Hardware Behind the Consoles - Part II: Nintendo's GameCubeby Anand Lal Shimpi on December 7, 2001 3:44 AM EST
- Posted in
Embedded DRAM in Flipper
On the Flipper side of things, using NEC's 0.18-micron embedded DRAM manufacturing process, MoSys' 1T-SRAM is used on Flipper's die to provide two very large caches: a 2MB Z-buffer and a 1MB texture cache. This is cheaper than outfitting the chip with 3MB of SRAM which would rival most server CPUs in terms of die space and cost (GameCube would not be as successful if Nintendo lost $500 per console nor would it be successful if they charged $700 per console either) and it's theoretically faster than conventional embedded DRAM for the aforementioned benefits of 1T-SRAM.
The Flipper GPU is composed of 51 million transistors, approximately half of which are dedicated to this on-die 1T-SRAM. If Flipper were to use conventional SRAM it would feature over 170 million transistors and have a die much larger than both of the Xbox chips put together. The decision to use 1T-SRAM instead of conventional SRAM was necessary in order to outfit Flipper with this much memory.
The 2MB Z-buffer/frame buffer is extremely helpful since we already know from our experimentation with HyperZ and deferred rendering architectures that Z-buffer accesses are very memory bandwidth intensive. This on-die Z-buffer completely removes all of those accesses from hogging the limited amount of main memory bandwidth the Flipper GPU is granted. In terms of specifics, there are 4 1T-SRAM devices that make up this 2MB. There is a 96-bit wide interface to each one of these devices offering a total of 7.8GB/s of bandwidth which rivals the highest end Radeon 8500 and GeForce3 Ti 500 in terms of how much bandwidth is available to the Z-buffer. Z-buffer checks should occur very quickly on the Flipper GPU as a result of this very fast 1T-SRAM. Also, the current surface being drawn is stored in this 2MB buffer and then later sent off to external memory for display. Because of this, dependency on bandwidth to main memory is reduced.
The 1MB texture cache helps texture load performance but the impact isn't nearly as big as the 2MB Z-buffer. There are 32 1T-SRAM devices (256Kbit each) that each has their own 16-bit bus offering 10.4GB/s of bandwidth to this cache.

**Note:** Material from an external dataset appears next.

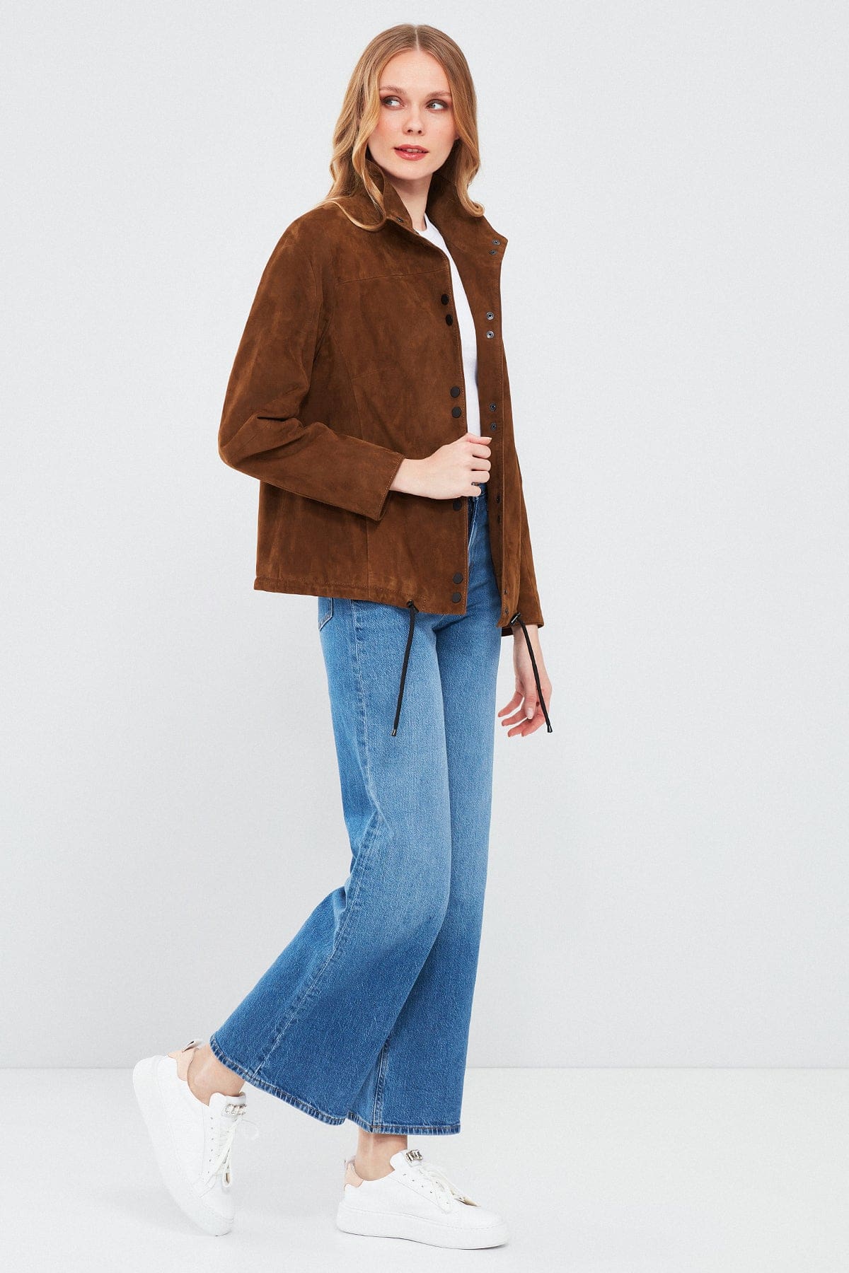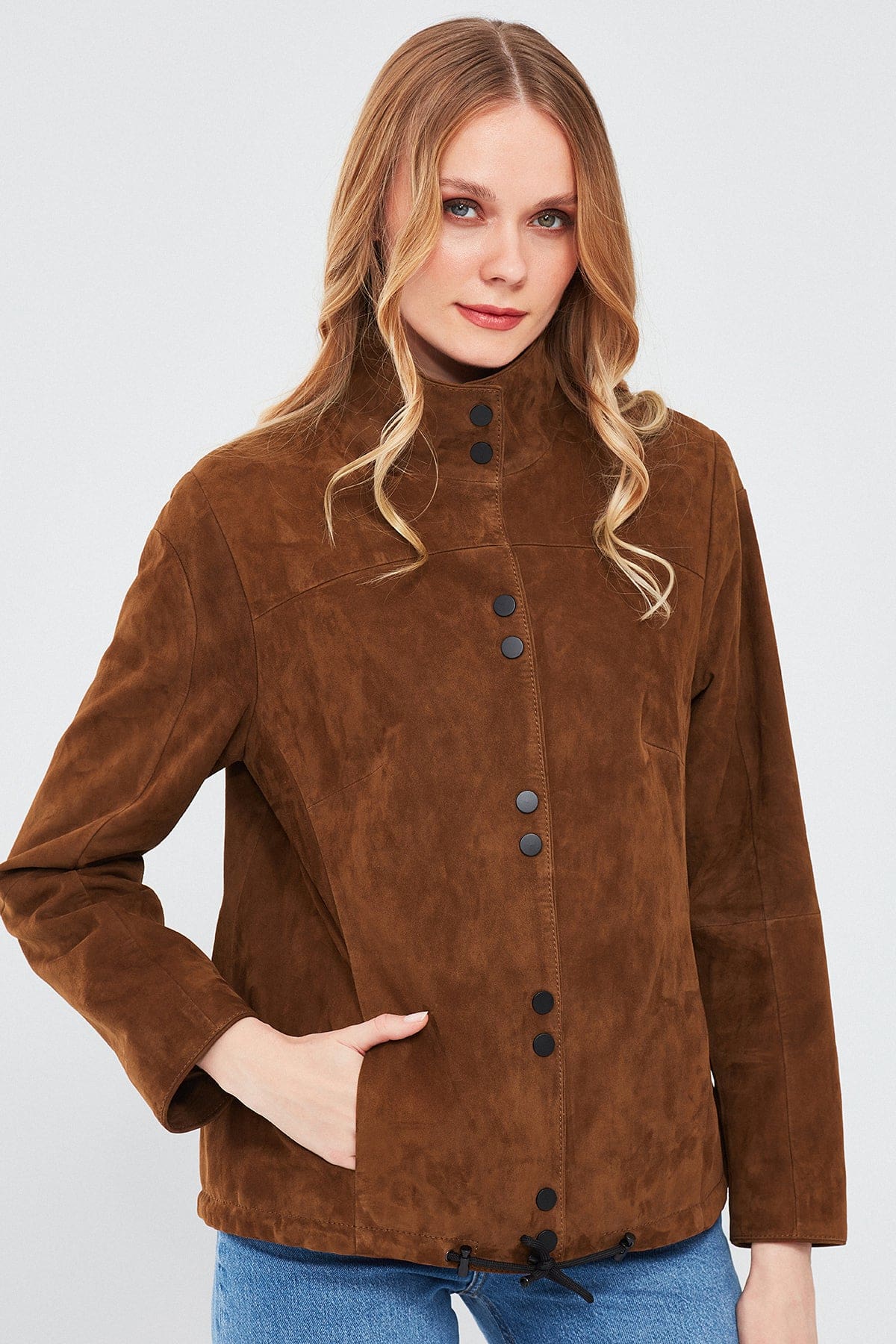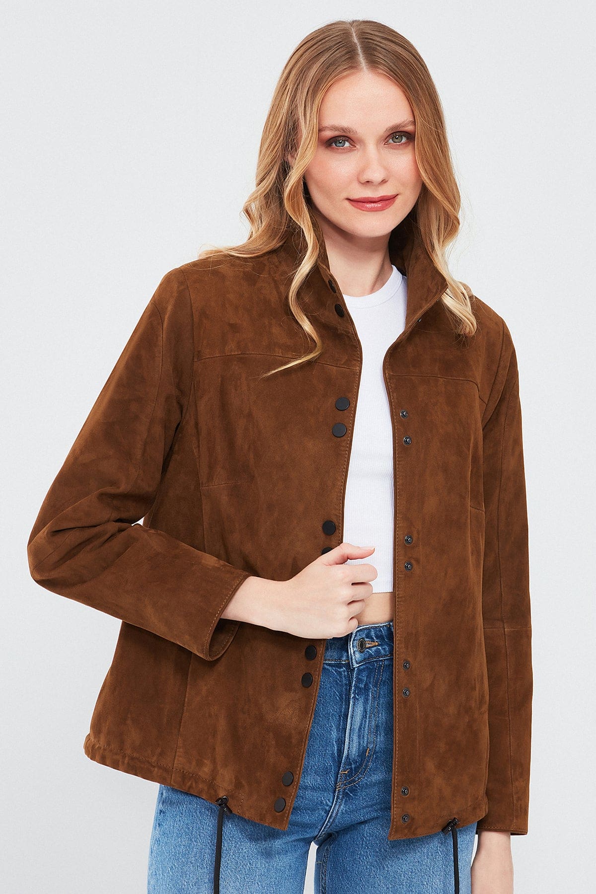 Lopez Kadın Kahverengi Oversize Süet Deri Ceket

The first thing that should tip you off about these 1T-SRAM devices on the Flipper die is that they would come quite in handy on a PC platform. Although the Flipper GPU will never be asked to render at greater than 640 x 480 (not a very memory bandwidth intensive resolution), very few gamers will settle for anything less than 1024 x 768 with today's graphics cards. A similar 2MB on-die Z-buffer would improve performance tremendously, especially considering how much more memory bandwidth is consumed in most PC games. While it would be nice for ATI to consider the use of some of this style of technology in their future PC products, the cost would be highly prohibitive.
The potential for Flipper to become cheaper to produce as time goes on is also there. NEC is currently in production of their 0.15-micron embedded DRAM process but it is not as mature as their 0.18-micron eDRAM production which is why Flipper is currently produced on that. By the second half of next year the 0.13-micron eDRAM process should be ready for production which means that we should be able to see 0.13-micron Flipper GPUs produced in 2003. The move to a 0.13-micron process could cut the 106 mm^2 Flipper die in half, making it much cheaper to produce but that is all dependent on NEC.